Google’s Search Advocate John Mueller says hreflang implementation doesn’t have to be as complicated as people think.
Hreflang is one of the more confusing aspects of technical SEO and among the most important for international businesses and publishers.
In reply to a thread on Reddit, Mueller outlines a simplified approach for publishers to follow.
Hreflang: The Problem
Hreflang is a link attribute that informs Google of the language used on a page. With that information, Google can show the page version corresponding to the language a person is searching in.
Without the hreflang attribute, Google may serve pages in a language the searcher doesn’t speak or pages specific to a country the searcher doesn’t reside.
In the r/TechSEO forum on Reddit, a user is seeking advice regarding the use of hreflang for websites in multiple countries.
They ask if they can get by with a partial implementation of hreflang. For example, they are setting up hreflang for versions of the website in the same language, such as Germany and Switzerland.
The alternative is linking all versions of all pages with hreflang, which is a considerable amount of work.
Mueller says that’s the best solution, but not exactly practical:
“In an idea [sic] world, you’d link all versions of all pages with hreflang. It would be the clean approach, however, sometimes it’s just a ton of work, and maintaining it if the sites are run individually is … good luck with that.”
Although linking every page with hreflang is the ideal solution, Mueller says it doesn’t have to be so complicated.
Hreflang: The Solution
First, Mueller suggests figuring out what needs fixing.
Identify whether a problem exists with searchers landing on the wrong site version.
If that isn’t happening, you may not need to implement hreflang.
Mueller states:
“In practice, you can simplify the problem. Where do you actually see issues with regards to people coming to the wrong country / language site? That’s where you should minimally implement hreflang (and, of course, a JS country/language recognizer / popupper to catch any direct visits). Probably a lot of that will be limited to same-language / different-country situations, so Switzerland / Germany in German may be the right place to start. Nothing breaks if you set up hreflang for 2 versions and have 4 unrelated versions.
If you already have these sites running, I’d check your analytics setup for traffic from Search, and compare the country where they come from vs the country that they end up on (pick one country, filter for the traffic from search, and compare the domains they end up on). If you don’t find a big mismatch there, most likely you don’t need to do a lot (or anything) for hreflang. There is no bonus for hreflang, it’s only about showing the most-fitting page in search for users in a specific country / language.”
Next, look at which pages searchers are landing on.

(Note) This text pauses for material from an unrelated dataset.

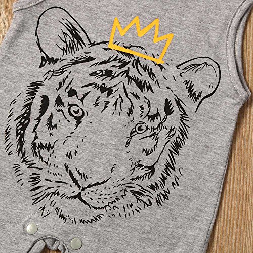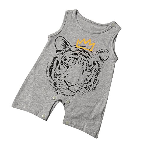 Tovadoo ベビー ロンパース ノースリーブ お虎柄 グレー 夏 コットンブレンド 可愛い カッコイイ ファッション 爽やか 夏休み 海遊び 遊園地 リゾート 旅行 室内 出産祝い 新生児 男の子 女の子

One of the most likely mistakes Google can make is serving the wrong version of a website’s homepage.
Since brand names aren’t localized, Google doesn’t always know which version of a homepage to serve if that’s all a user types into the search box.
If you find searchers are landing on the wrong homepage, but there are no issues with other pages, you can get by with a partial implementation of hreflang.
Mueller states:
“When checking, focus on the most likely mistakes first: same-language / different-country sites is one, but there’s also homepage traffic. Often times a brand name is not localized, so when people search for it, it’s unclear to search engines what the expectation is. If you find a lot of mismatches on the homepage but not elsewhere in the site, you can also just do hreflang across the homepages (that’s often easier than all pages in a site). Or you could do a combination, of course, all homepages + all German-language pages. Hreflang is on a per-page basis, so the beauty (and curse) is that you can pick & choose.”
Lastly, Mueller reiterates that it’s possible to save a lot of time with hreflang by checking to see if there’s a genuine problem.
Google may serve the correct versions of pages all on its own, in which case you don’t gain anything by adding hreflang.
“In any case, before you rush off and work on this for a year, double-check that it’s an actual problem first, and if so, check where the problem is. Maybe there are super-simple solutions (maybe you just need a country/language popup and don’t even need the rest?), and you can spend your time more wisely elsewhere.”
Think of hreflang as a tool to utilize when needed. You can prioritize other tasks if there’s no need for it.